Epey puslu ve çingenevari bir hayat süren taş ustası Durdles, sonradan Cloisterham Belediye Başkanı olan müzayedeci lavuk Bay Sapsea, kitabın sonlarında kendisine Keş Prenses denildiğini öğrendiğimiz afyon batakhanesini işleten kadın, hayırseverliği ile hasımlığı arasında ayrım yapılması çok güç olan Bay Honeythunder gibi birçok renkli karakter arasında romanın baş kahramanını, “Bay Jasper bir seksenin üzerinde boyu, kaba, ışıltılı, iyi taranmış siyah saçları ve favorileriyle oldukça karanlık esmer tipli bir adamdır. Tıpkı çoğu karanlık tipli adam gibi o da olduğundan yaşlı görünür. Sesi tok ve güzeldir, yüzü ve vücudu da öyle, tavırları ise biraz kasvetlidir; tıpkı odası gibi.” (s.20) diye tasvir etmiş Dickens.

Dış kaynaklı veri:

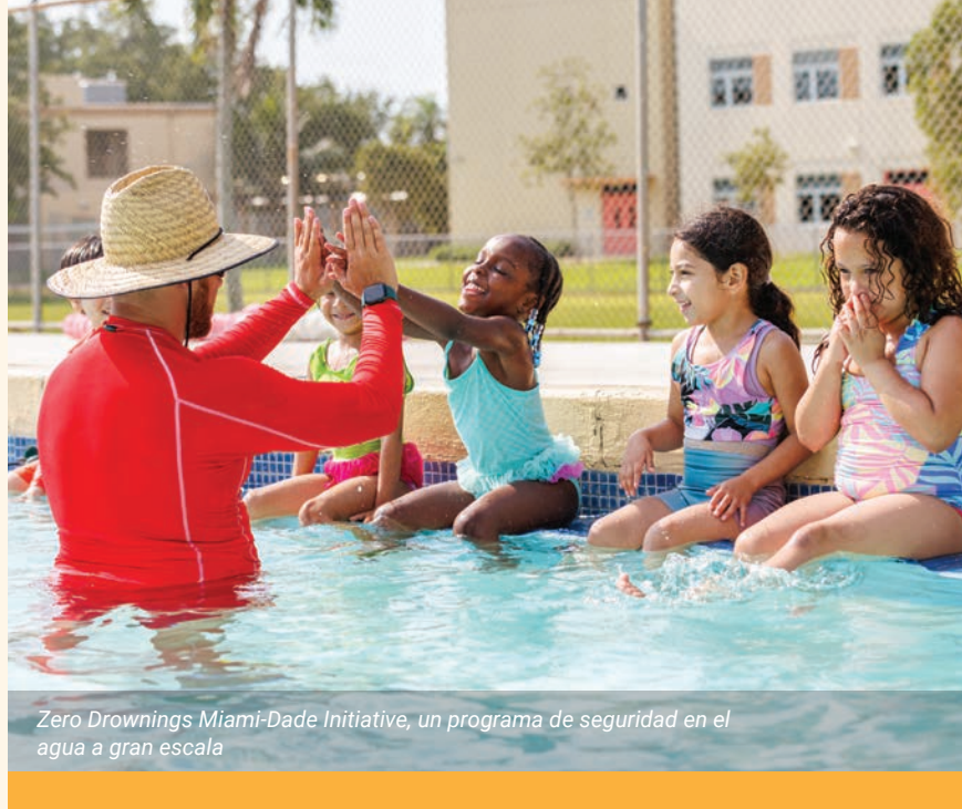
Zero Drownings Miami-Dade Initiative, un programa de seguridad en el agua a gran escala

llamadas al 211 fueron respondidas por personal compasivo
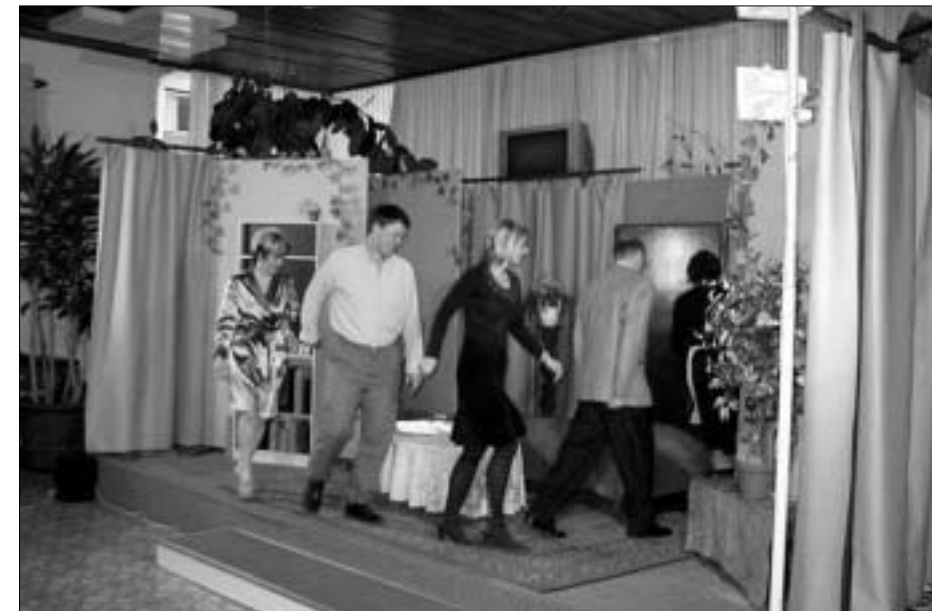
Predstava Jožef in Marija ali Popoldanska šola za žene.

Skozi vso predstavo se ti spontano vsiljuje primerjava: na eni strani majhna vasica v odročnem kraju, daleč od kulturnega centra, z več kot skromnimi razmerami, saj razpolagajo v starih grajskih prostorih z majhnim odrom, z nikakršnimi tehničnimi pripomočki (imajo vsega tri reflektorje), pa vendar jim ljubiteljska zagnanost daje polet, da ne samo igrajo na domačem
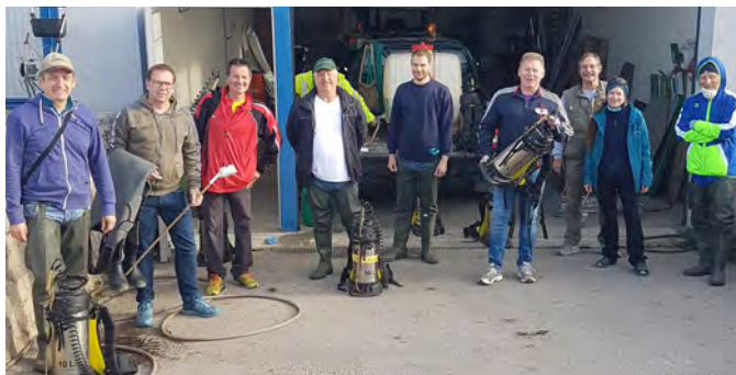
Die starken Regenfälle ab Mitte Mai brachten großflächige Überflutungen mit unzähligen Gelsenbrutstätten ins Augebiet. Mit vereinten Kräften gingen mehrmals unsere Gelsenwehr (Bild), an zwei Tagen der Hubschrauber und erstmals auch die Drohne gegen die Gelsenlarven vor.

Hazır kendisinden söz açılmışken Bay Jasper’ın, hikayenin adeta kilit noktalarında:





*Katedral Mezarlığı hakkında herkesten daha çok bilgisi, özel bazı bölümlere giriş anahtarları olan taş ustası Bay Durdles ile mezarlıklara,                                                                              


*Rosa Bud’a ilan-ı aşk etmek üzere katedrale,                                                                             


*Ve aslında hikayenin hem başlangıç hem de yarım kalmış haliyle sonundaki, Londra’da bulunan afyon batakhanesine… 





… yaptığı altı çizilesi ziyaretlerini özellikle dikkat çekici bulduğumu belirtmeliyim.  





Esrarengiz bir kayboluşu konu alan bu romanda, çevirmen altını çizmese belki de kolaylıkla gözden kaçabilecek çok sayıda gönderme bulunuyor. Bunlar çeşitli eserlere, olaylara ve mitolojik hikayelere yapılmış göndermeler. İçlerinde en ilgi çekeni ise yazarın ölen kardeşiyle ilgili olanı. Kardeşi, kendi ölümünden birkaç gün önce çocukken birlikte gezindikleri ormandaki güz yapraklarının kokusunu büyük bir netlikle hatırladığını anlatıyor Dickens’a. Yazar da, romanının ondördüncü bölümünde buna göndermede bulunuyor. Kendi ölümü nedeniyle yarım kalan son romanında…


Çeviride arada sırada da olsa sıkıntıya düşülen anlar yok değil. Hatta bazı cümleleri -yanlışlıklar sezip- tekrar tekrar okuyup anlamaya çalışmak gerekiyor. Yine de  Charles Dickens’ın özellikle uzun, upuzun cümlelerini bu kadar iyi anlamamızda başrolü oynayan Işıl Aydın çevirisine genel olarak şapka çıkartmak gerektiği inancındayım. Biz okuyucular için koyduğu çevirmen notlarının hikayeyi çok daha anlaşılır kıldığı da su götürmez bir gerçek. 





Siz hiç dünyaca ünlü bir yazarın yarım kalmış bir kitabını elinize geçirip sonunu dilediğinizce yazdınız mı? Ben yazdım.